Both new legal requirements and the changing game of social media will make email marketing more strategic than ever in the coming months and years. Here’s how we see email marketing changing.
Opt-in consent is becoming even more important. On May 25, the General Data Protection Regulation (GDPR) was implemented across the European Union—dramatically increasing requirements for companies to protect personal data for European citizens.
If anyone in the European Union receives your emails, you’ll have to comply with these measures—or face a fine up to $41,484. For email marketers, that primarily means your subscribers must actively opt in—and have an easy way to opt out if they want.
Learn more about GDPR here.
Email marketing must be closely tied to social. These days, it’s not enough to send the occasional marketing email. To really get results, your business needs a multi-platform campaign that encompasses social, online advertising, and email marketing.
List-buying will die out. You used to be able to purchase lists of people’s contact information and market to them on a steady basis, and get fairly good results. This might have worked in the early days of email marketing—it’s a holdover from direct mail, when companies used physical addresses.
But we suspect that going forward, list-buying will become a thing of the past.
That’s because the most successful email marketing campaigns send useful, relevant information to their audience. And the best way for an audience member to indicate that they’d find your emails relevant is to opt in—making them a high-value prospect. In email marketing, having a list of high-interest prospects to mail to is invaluable.
Segmentation will be key. According to a recent MarketingSherpa survey, one of the top reasons people unsubscribe to email lists is that the content isn’t relevant to them.
That means email marketers can’t just send the same email to everyone. It’s crucial to be strategic about which audience members get which email. That means segmenting your list—or dividing it up based on key criteria—and sending highly targeted email campaigns to people with demonstrated interest in that topic.
You can segment your list based on past history with your company, demographic, location, interests, behavior on your website, or the type of insurance an agent specializes in, among other things.

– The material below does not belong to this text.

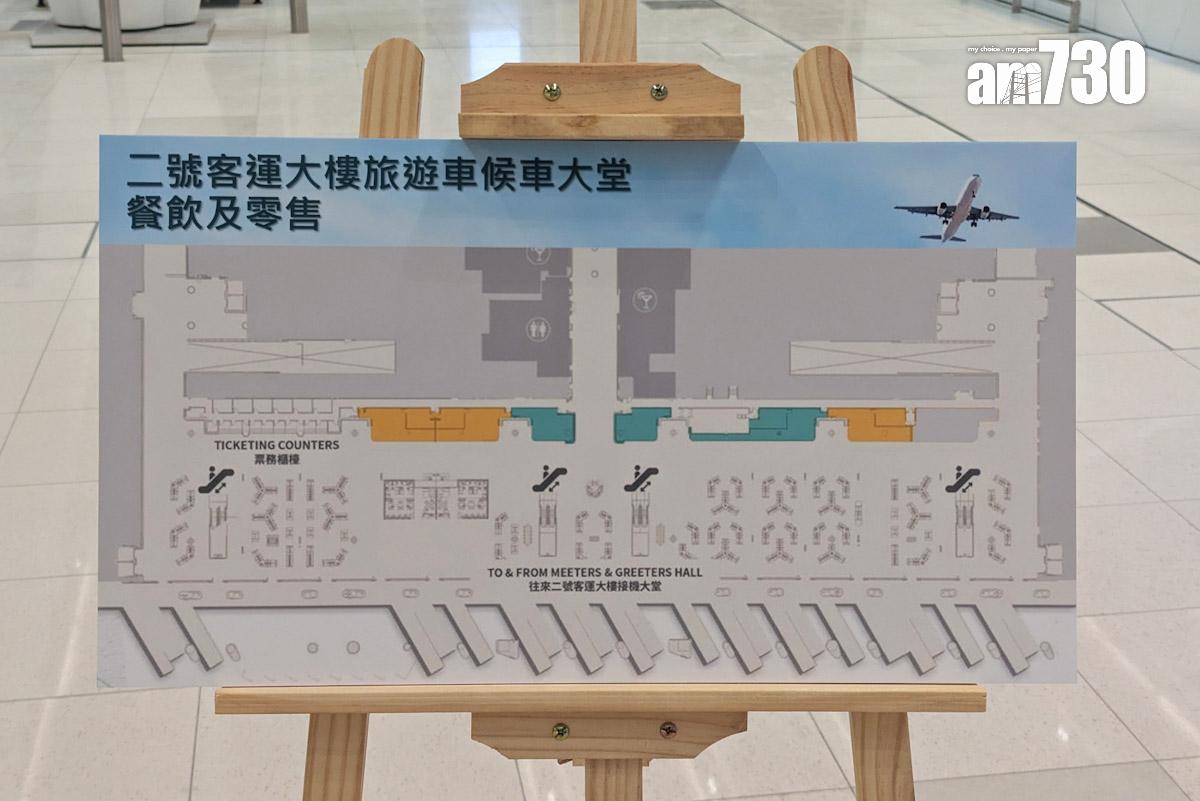 旅遊車大堂的座位設有插座和USB的A頭、C頭,部分亦裝有位置供使用者用餐。大堂旁邊有7個舖位,包括咖啡廳、快餐和冰室3間食肆,部分會24小時營業,其餘零售商店包括便利店和手信店。機管局未有交代有關食肆為何,而據早前旅遊巴業界參觀,食肆包括兩餸飯店「好飯好餸」、港式茶餐廳「君蘭冰室」和中式包點店「唐記包點」。二號客運大樓的洗手間會增設更衣室和化妝枱,方便旅客更衣而毋須使用廁格。

It’ll pay to test how much you send. According to that MarketingSherpa survey we mentioned above, the number one reason people unsubscribe to mailing lists is that they get too many emails. The data is in—less is more when it comes to email marketing.
That said, what each audience considers “too much” might be different. So testing different frequencies of email messages is a smart move.
Email marketing might be evolving—but it’s certainly not dying. Those who succeed in this space will need to have active opt-in consent, incorporate their email marketing into multi-platform campaigns, be careful to keep their lists segmented and their content relevant, and experiment to determine the optimal amount to send. Take these steps, and your email marketing campaigns should be successful in the coming year.